#### WORK INSTRUCTION:
Transcribe the entries that come next exactly, but not the pictures they contain.

═════ DATA

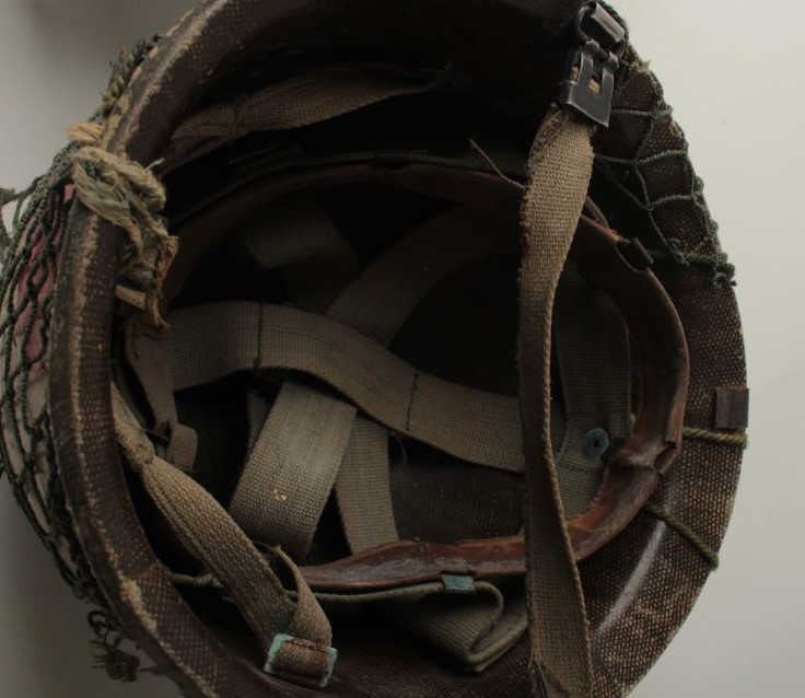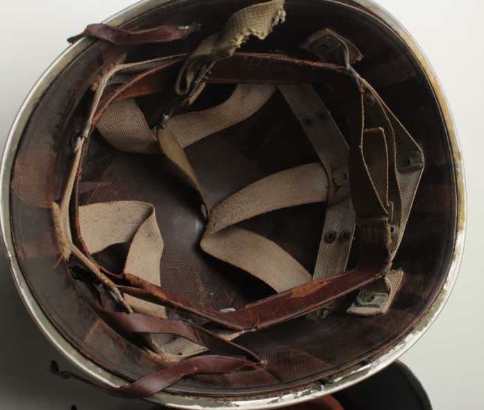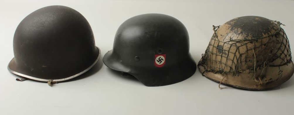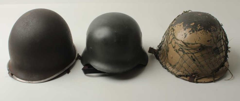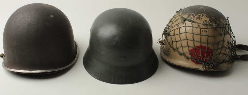 Lot of 3 military helmets including a good reproduction of an SS helmet, possibly a movie prop; a U.S. helmet with liner (split lip at front) and a fiberglass helmet with red meat ball, possibly Japanese or a prop. Est.:$200-$400.
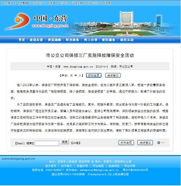 2012年4月4日東營市政府網(wǎng)站報道.
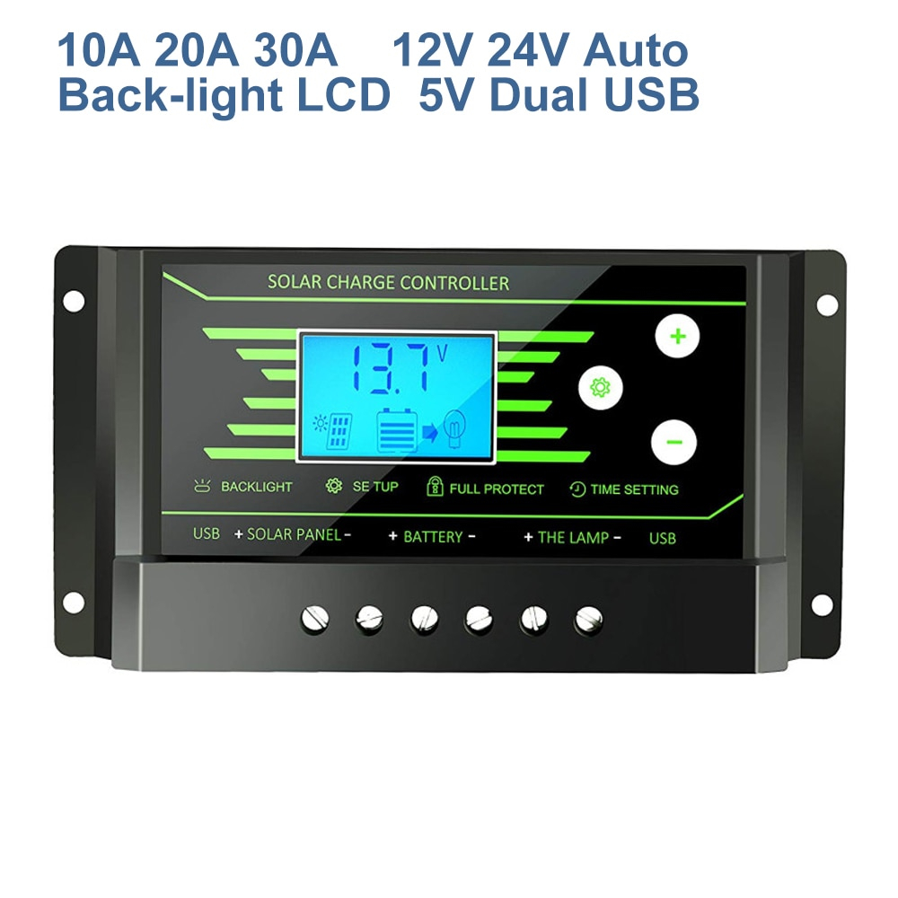 Модель контроллера заряда аккумулятора с Алиэкспресс с PWM-функцией в нескольких вариантах исполнения, в зависимости от силы тока 30A, 20A, 10A напряжением 12-24В и мощностью от 120 до 360Вт. Подходит для различных типов свинцово-кислотных батарей с таймером нагрузки. Установлен двойной светодиодный дисплей. Возможно подключение и управление через USB-порт. На базе контроллера реализована 4-ступенчатая зарядка Boost, ABS, Equalization, Float благодаря использованию промышленного микропроцессора STM 8. Имеется опция таймера и запоминания ранее настроенных параметров. Встроена защита от перегрева, обратного тока, короткого замыкания, разрядки и перегрузки. На устройство предоставляется гарантия производителя 12 месяцев.
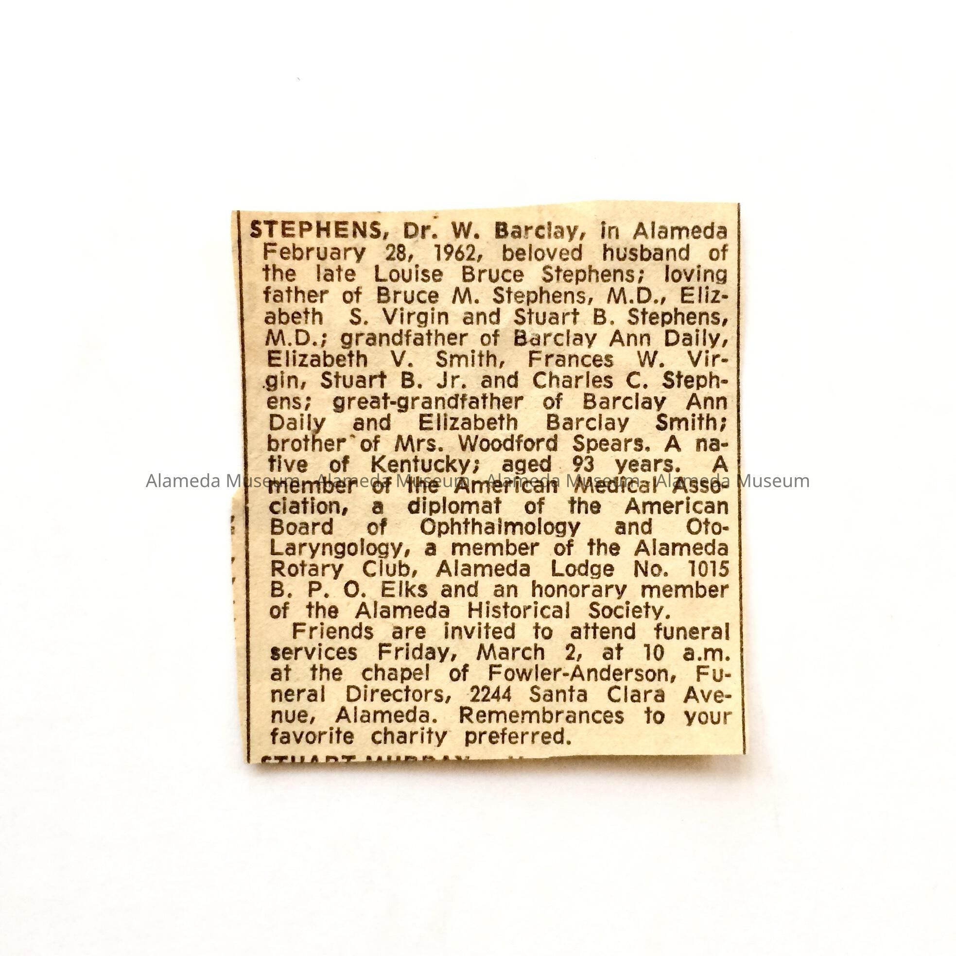 AN OBITUARY NOTICE CONCERNING THE DEATH OF DR W BARCLAY STEPHENS, ON FEBRUARY 28, 1962, IN ALAMEDA. HE WAS A LONG-TIME RESIDENT OF ALAMEDA AND PRACTICING PHYSICIAN. HE HAD BEEN AN HONORARY MEMBER OF THE ALAMEDA HISTORICAL SOCIETY. DR STEPHENS WAS ALSO AN EXPERT ON CLOCKS.
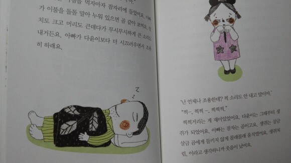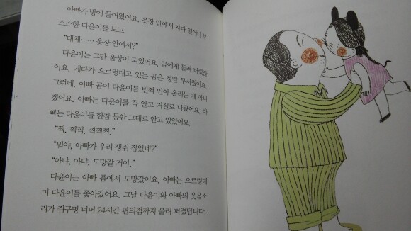 " 아빠 피곤하니까 조용히해. 꺠우지마" 그런 아빠가 곰처럼 보이는 다윤이

══════════

#### OUTPUT FOR THIS TASK:
 Lot of 3 military helmets including a good reproduction of an SS helmet, possibly a movie prop; a U.S. helmet with liner (split lip at front) and a fiberglass helmet with red meat ball, possibly Japanese or a prop. Est.:$200-$400.
 2012年4月4日東營市政府網(wǎng)站報道.
 Модель контроллера заряда аккумулятора с Алиэкспресс с PWM-функцией в нескольких вариантах исполнения, в зависимости от силы тока 30A, 20A, 10A напряжением 12-24В и мощностью от 120 до 360Вт. Подходит для различных типов свинцово-кислотных батарей с таймером нагрузки. Установлен двойной светодиодный дисплей. Возможно подключение и управление через USB-порт. На базе контроллера реализована 4-ступенчатая зарядка Boost, ABS, Equalization, Float благодаря использованию промышленного микропроцессора STM 8. Имеется опция таймера и запоминания ранее настроенных параметров. Встроена защита от перегрева, обратного тока, короткого замыкания, разрядки и перегрузки. На устройство предоставляется гарантия производителя 12 месяцев.
 AN OBITUARY NOTICE CONCERNING THE DEATH OF DR W BARCLAY STEPHENS, ON FEBRUARY 28, 1962, IN ALAMEDA. HE WAS A LONG-TIME RESIDENT OF ALAMEDA AND PRACTICING PHYSICIAN. HE HAD BEEN AN HONORARY MEMBER OF THE ALAMEDA HISTORICAL SOCIETY. DR STEPHENS WAS ALSO AN EXPERT ON CLOCKS.
 " 아빠 피곤하니까 조용히해. 꺠우지마" 그런 아빠가 곰처럼 보이는 다윤이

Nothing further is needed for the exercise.